I look out the window. I scan the building, a grid of glass. I focus on one particular apartment. A man is standing in the window, hand to his ear, shaking his head.
I shake my head, “Listen. I’m going to be honest. I don’t want you to come down. I have to go now. I have to take Dog out for a walk.”
“What do you mean?”
“That’s what I mean, Princess. I don’t want you to come down to visit me.”
“But, Guy –”
“No. I’m talking now. It’s over. We’re over. I’ve met someone else. Her name is Gloria. And I’m sorry. I’m very sorry.”
“No.”
“No?”
“No. I don’t buy it,” Dolores says.
My seduction has freed something in her, something much larger than just a glimpse of hope. Faith. A monster of faith – faith so grotesquely enlarged, so clearly and definitely in disproportion to what she realistically should believe about herself. I hang up. I’m a dick.

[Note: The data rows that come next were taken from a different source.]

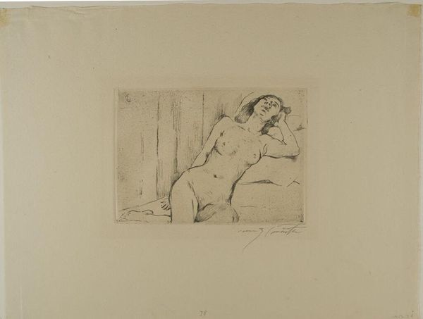 Editor: Here we have Emil Orlik’s "Nude Reclining Woman." It's a small print, almost intimate. What social narratives might this image engage with, given its display in a public institution like the Harvard Art Museums? Curator: Consider the history of the nude in art, often a symbol of power, beauty, or vulnerability, but seen through a male gaze. How does a museum mediate that history by displaying it, and whose perspectives are prioritized? Is it a celebration of the human form, or a perpetuation of societal norms? Editor: So the museum's role isn't just about preserving art but also about framing its meaning? Curator: Precisely. Every display is a conscious choice, reflecting certain values and potentially obscuring others. We need to critically examine whose voices are amplified and whose are silenced by these choices. Editor: I hadn't considered that aspect. It really shifts how I see the artwork and its place in the museum.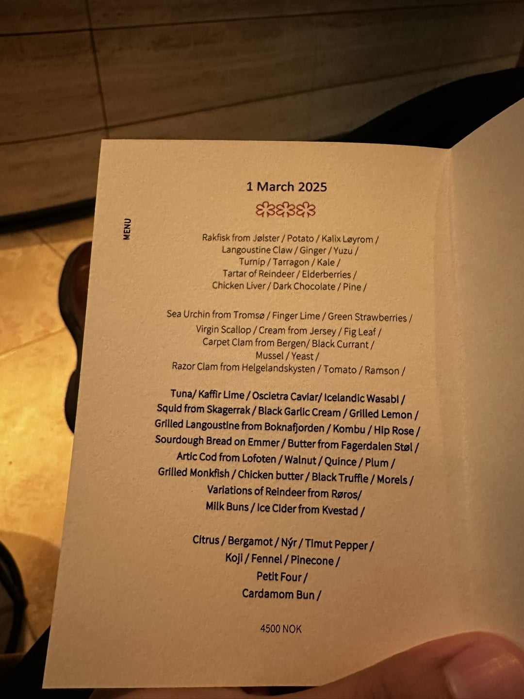 An absolutely deserved 3*, imo and one of my top Nordic experiences for sure. When comparing my experience here with Maeemo from the previous year, I might have to give the slightest of edges to Re-Naa. I’m partial to seafood, especially when it is executed this well, and personally also preferred Re-Naa’s dining room atmosphere. That said, if you find yourself planning a trip to Norway and are choosing between the two, you really cannot go wrong with either option. For those that prefer to focus on the mains of a tasting menu, Re-Naa is the place to score a reservation at. It’s where the restaurant really shines. Also, this menu is a ton of food!! You certainly will not complain about leaving hungry. I took my petit four to go because I was so stuffed.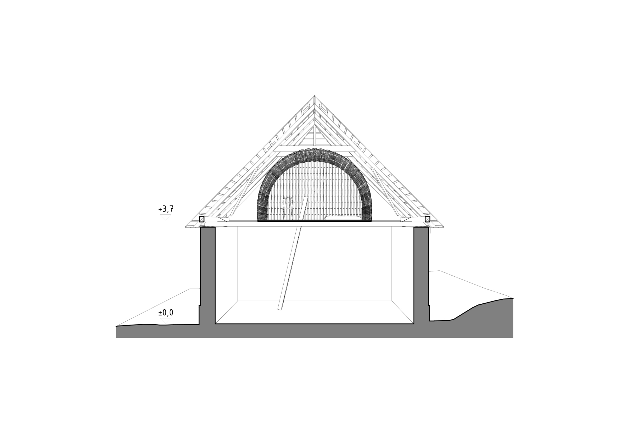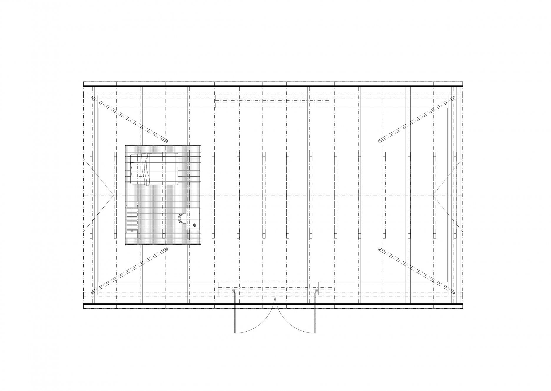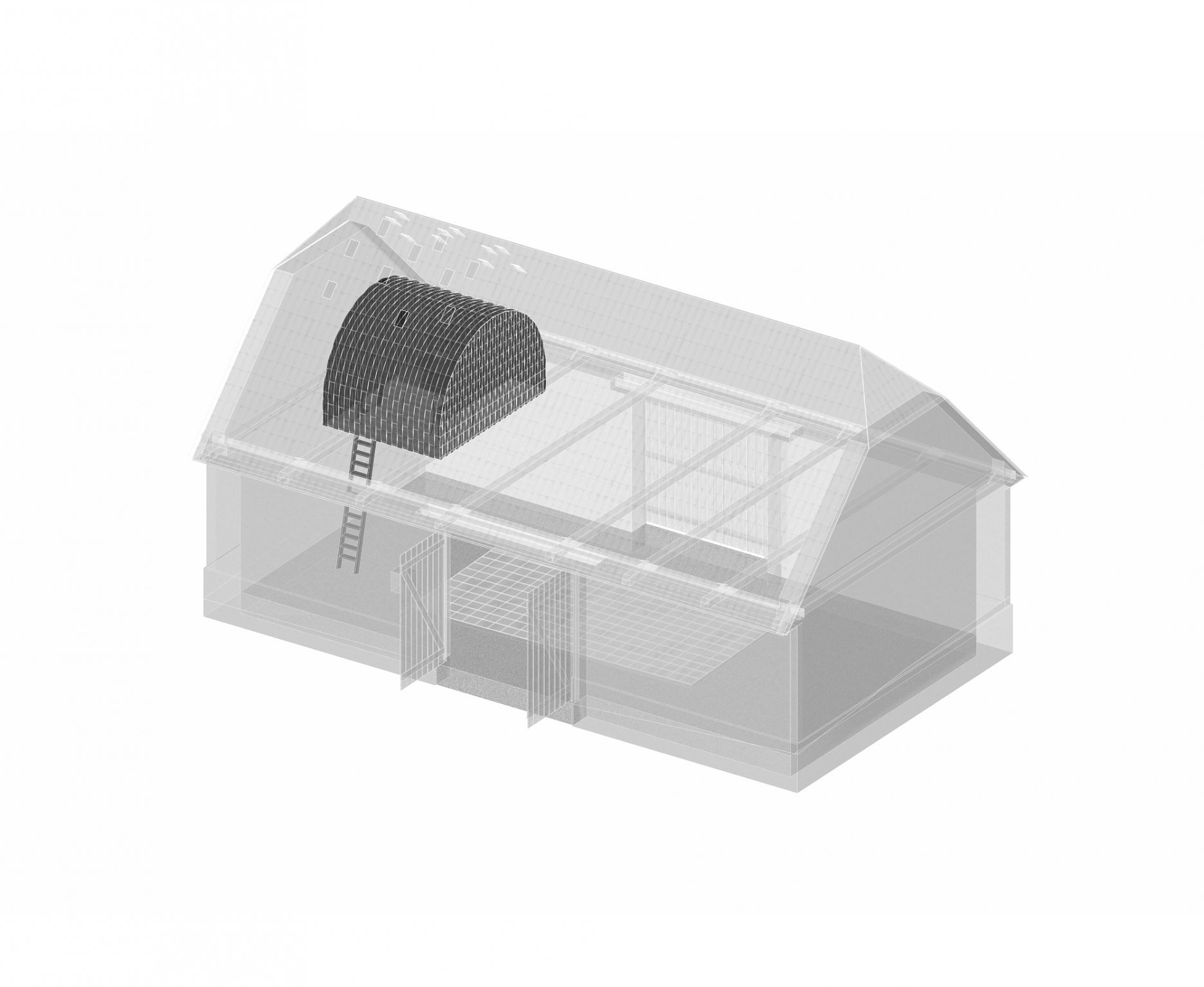 Zadanie vytvoriť v stodole ubytovaciu jednotku prirodzene smerovalo do podkrovnej časti objektu. Vzhľadom na veľkorysosť a ucelenosť priestoru eliminujeme spojenie s pôvodnými konštrukciami na minimum, aby sme zachovali vzdušnosť priestoru. Predkladáme striedmy návrh ubytovacej jednotky s pôdorysom 3 x 4 m. 12 m² box pre ubytovanie umelca pustovníka uložený na dvoch trámoch, prístupný rebríkom položeným mimo centrálnej časti. Pre potreby maximálnej vzdušnosti a oddelenia od strechy a zároveň dosiahnutie dostatočnej svetlej výšky tvoríme miestnosť preklenutú valbovou klenbou kopírujúcou sklon strechy a blížiacou sa ku vodorovným klieštinám. Klenba stavby bola tiež inšpirovaná jaskynnými klenbami, v ktorých často pustovníci nachádzali svoje útočisko. Zariadenie je čisto utilitárne – matrac/posteľ, stôl a stolička.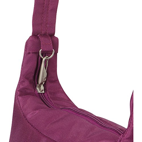 -. Feature : Main compartment has 4 wall pockets for organization / Rear organizer with RFID blocking card and passport slots, wall pocket and pen loop / Front zip pocket locks for added security and is hidden beneath flap / Two mesh expansion pockets hold water bottle, sunglasses or umbrella / Adjustable cut-proof shoulder strap, attaches to post or chair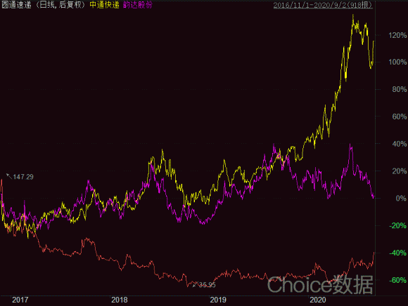 而A股投资者对于炮灰的命运一向非常现实,纷纷选择用脚投票:圆通从2016年年底落后行业之后,股价最多跌幅高达60%,而确定行业头名位置的中通股价则一路绝尘。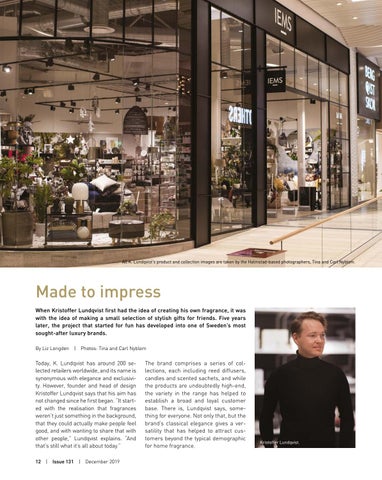 Today, K. Lundqvist has around 200 selected retailers worldwide, and its name is synonymous with elegance and exclusivity. However, founder and head of design Kristoffer Lundqvist says that his aim has not changed since he first began. “It started with the realisation that fragrances weren’t just something in the background, that they could actually make people feel good, and with wanting to share that with other people,” Lundqvist explains. “And that’s still what it’s all about today.” 12 | Issue 131 | December 2019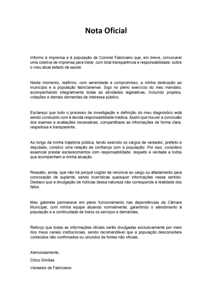 Por fim, a nota reforça que todas as informações oficiais serão divulgadas exclusivamente pelos canais institucionais do vereador. A recomendação é que a população desconsidere conteúdos não confirmados ou oriundos de fontes não oficiais. Com uma longa trajetória pública, tendo exercido os cargos de vereador, prefeito e deputado, Chico Simões destacou a relação de confiança construída com a população ao longo dos anos.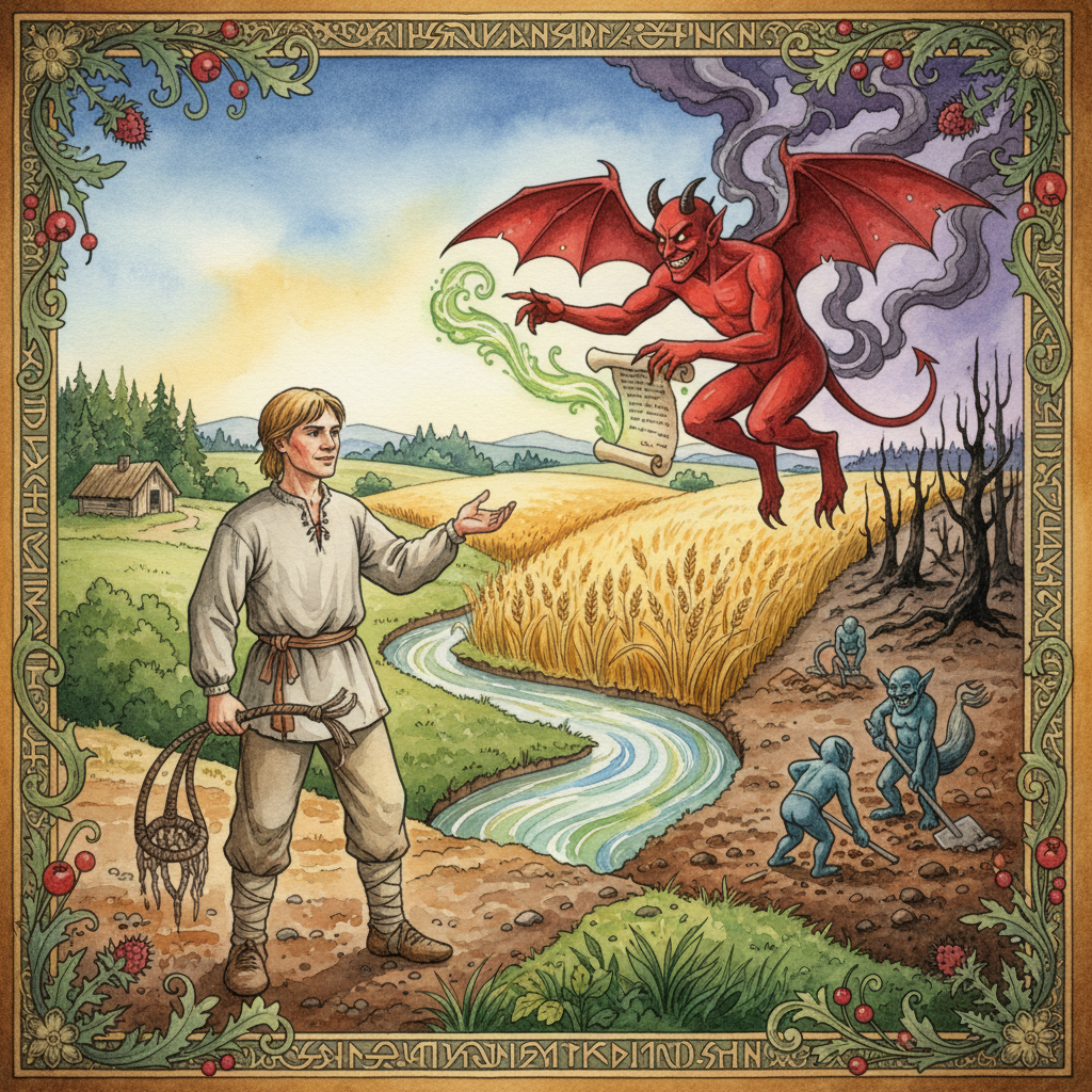 The son, transformed into a black stallion, is repeatedly sold by his mother to the Loihtija in an attempt to escape his grasp.
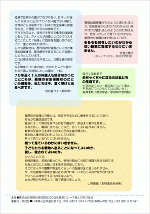 前の記事: 【声明】憲法9条を壊し、日本を海外で戦争する国へとつくり変える 集団的自衛権行使容認は許しません
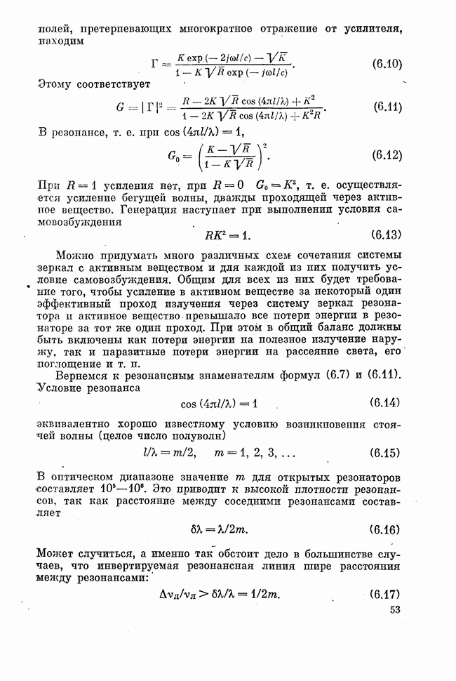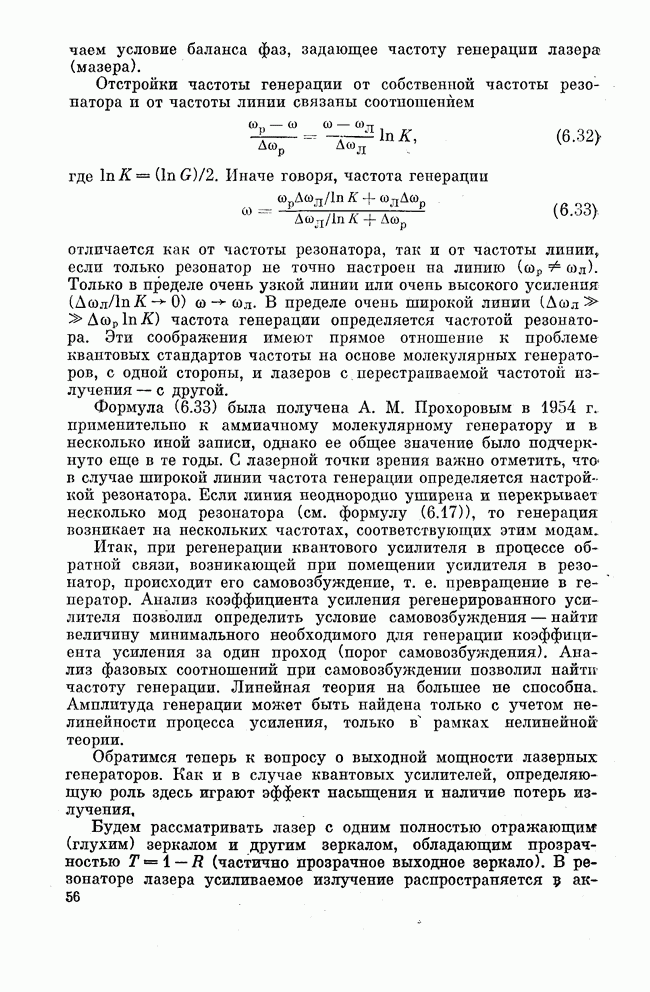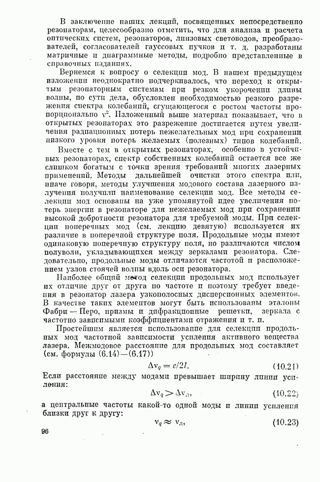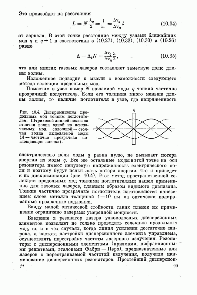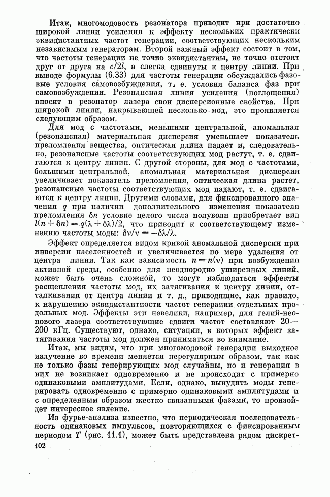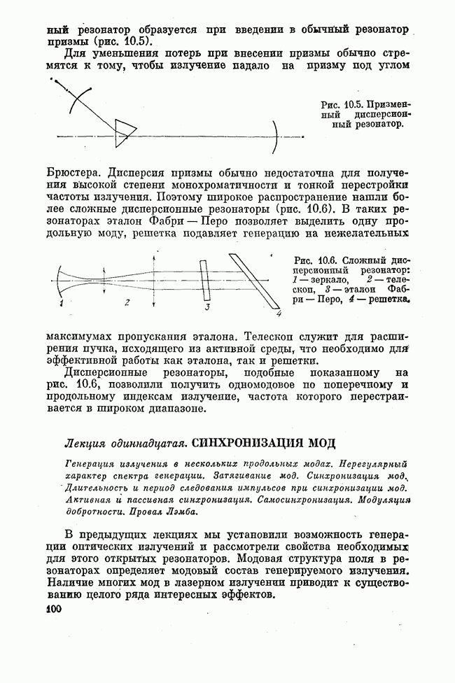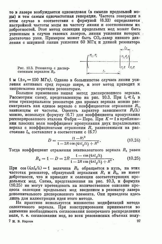 селективный (или, как чаще говорят, дисперсионный резонатор. Пусть для простоты рассуждений резонатор является одномодовым и одночастотным. При настройке такого резонатора на одну определенную частоту в пределах линии флуоресценции в силу хорошо известного нам эффекта положительной обратной связи именно на этой частоте происходит излучательное опустошение соответствующего верхнего уровня терма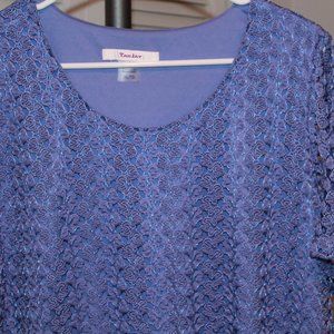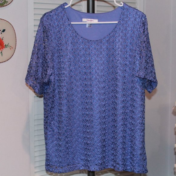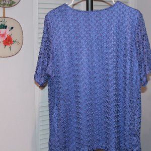 Lovely crochet looking top in perriwinkle blue, very nice for a day or night out.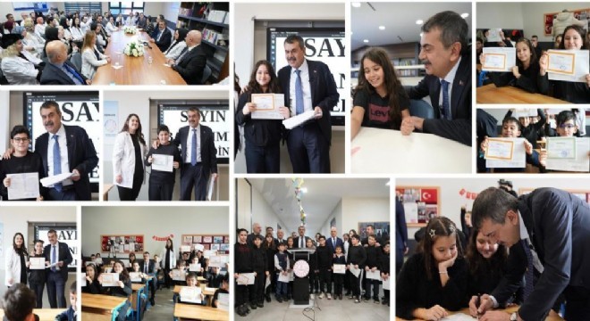 Halkbank Ortaokulunun açılışını gerçekleştiren Bakan Tekin, açılış töreninin ardından, sınıflara geçerek öğrencilere karnelerini verdi.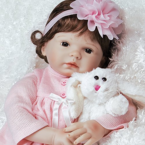 Bunny Love's hair is a lovely shade of auburn with reddish highlights and delicate flyaway curls that fall just under her ears. Her hand-painted eyebrows frame her ever expressive brown eyes, and rosy cheeks, lips, hands and feet make her appear to be a real living, breathing baby. Bunny Love is as cute as she is elegant; her slightly bent knees, outstretched fingers and toes, and flexible body make her even more realistic. She'll hop into your heart along with her cuddly companion, a white and furry floppy eared plush rabbit who is ready to be held by some bunny special.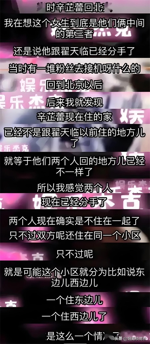 当时的辛芷蕾,心中充满了对未来的期待,幻想着能和翟天临一起白头偕老,她相信,这段感情是坚不可摧的,正当她沉浸在这种甜蜜中时,生活却悄悄地留下了一些不易察觉的端倪,小小的争执、偶尔的冷淡,都在无形中为这段关系埋下了隐患
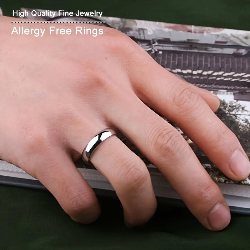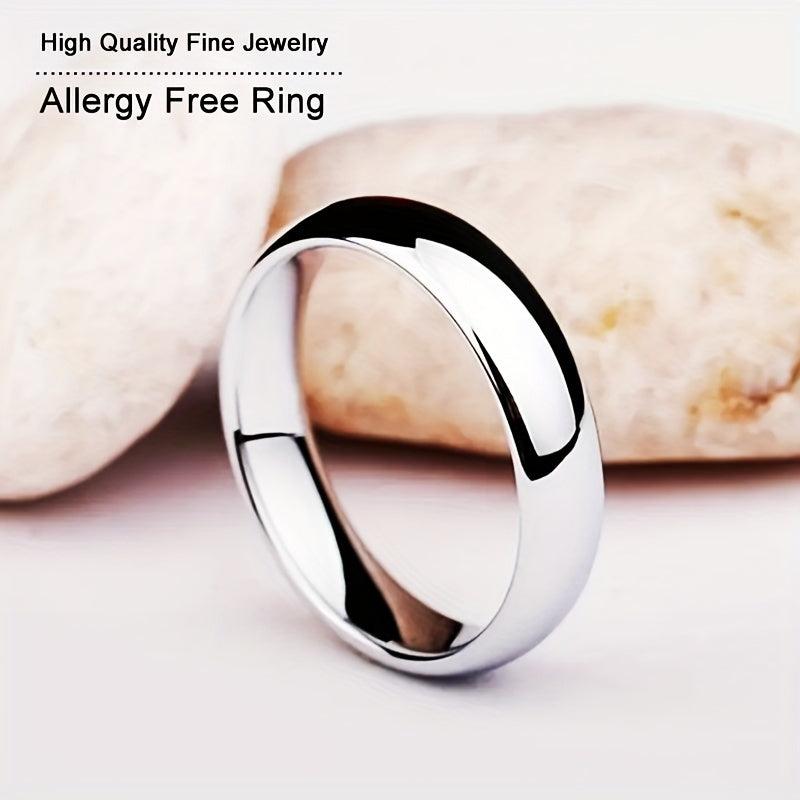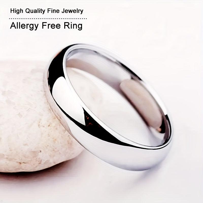 This minimalist ring is made of hypoallergenic tungsten with a polished golden finish. It is durable, tarnish-resistant, and perfect for everyday wear or special occasions like weddings and engagements.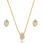 Conjunto Dourado Pedra Oval Pingente com Corrente em StrassSemijoia banhada a ouro

As soon as I hang up, I block her number.
I pace around my apartment. The dog picks up my nervous energy; he erupts and stops in half-barks as he clicks in circles around the kitchen. When I look at him, he freezes. He looks up from underneath his shy brows. “No kennel. Don’t worry.”
I almost never talk to Dog, and he looks at me even more stunned when I do. “No kennel,” I say. “What?”
Dog keeps staring, his tail slapping the floor unsurely. God, that face. I laugh as he continues staring. Laughing releases the tension that’s wound up like a coil around my throat.